Of course, different contexts require different skillsets; Product is far from a one-size-fits-all.
Yet there are fundamental traits that you can look for in all product leaders. And as a PM, they should drive your personal growth.
📗 Ken Norton's How to Hire a Product Manager is a re-edition of his 2005 essay that was instrumental to the success of many leaders and aspiring PMs. Rather than focusing on hiring, it focuses on these traits that make a good product manager, interview questions being the cherry on top.
One of product management's all-time classics.
Change Data Capture
10x engineers meet 10x technology. Some pieces of tech unlock hundreds of use cases.
In recent years, the trend has been to move away from batching toward streaming. Change-Data-Capture (CDC) is that 10x technology.

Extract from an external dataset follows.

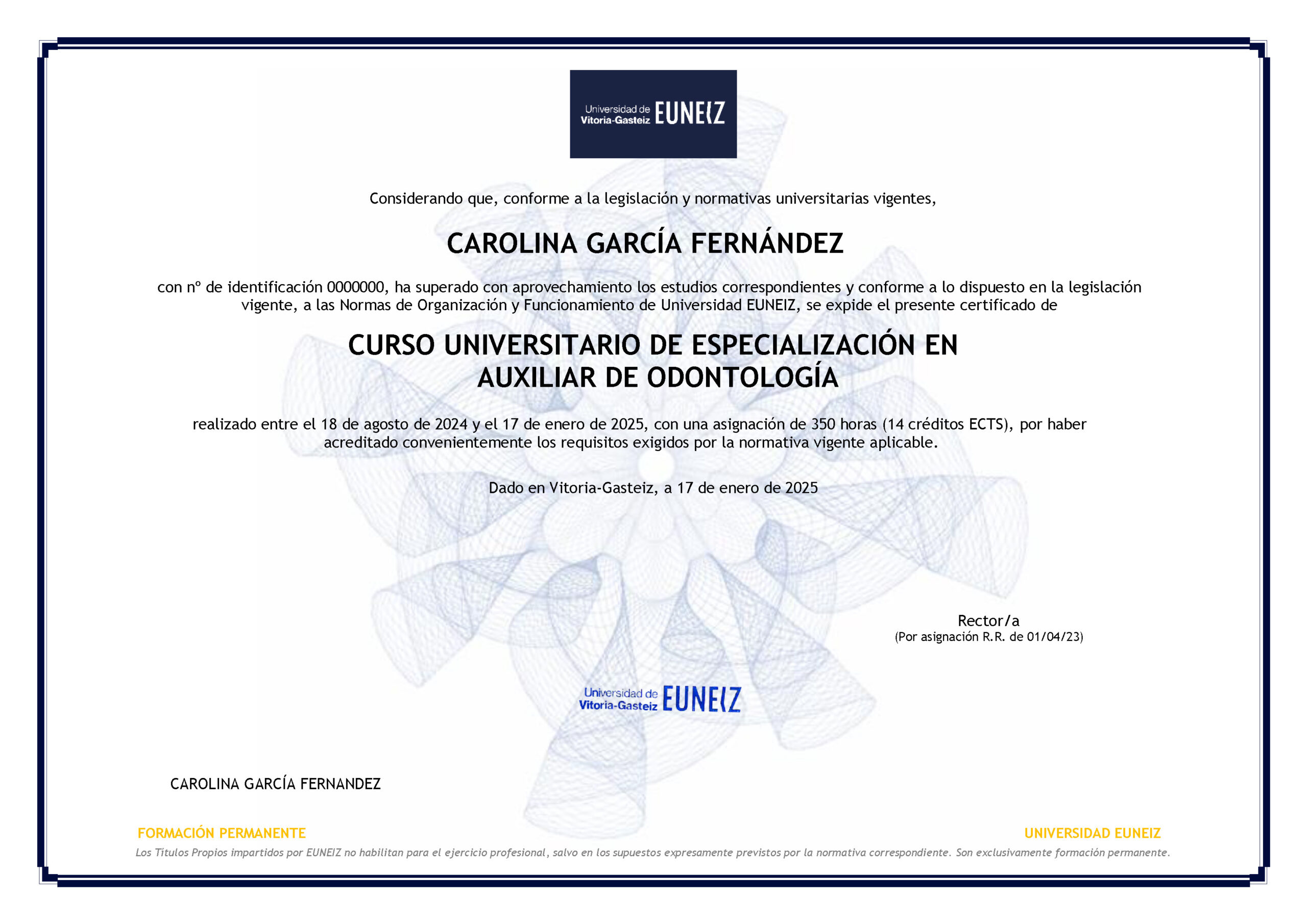 Si el título o diploma lo expide la Universidad de Vitoria, el curso se lleva a cabo dentro del Plan de Formación Permanente de la Universidad de Vitoria EUNIZ en el marco del Espacio Europeo de Educación Superior.

It's the simplest form of streaming that enables real-time data processing with no restriction of use case. Anything that can consume a pub/sub type system can become reactive, real-time, thanks to CDC.
The magic: you don't have to craft custom events.
"Change data capture (CDC) is a data replication technique to identify and track changes in a database that publishes each database event as messages to a real-time stream. Downstream systems can consume this row-level change feed for various purposes such as analytics, synchronization, and data replication."
📗 FaunaDB's What is change data capture introduces this idea, its use cases as well as implementation. While log-based replication has become the standard, especially on Postgres and MySQL, there are multiple ways of doing CDC on other storage systems.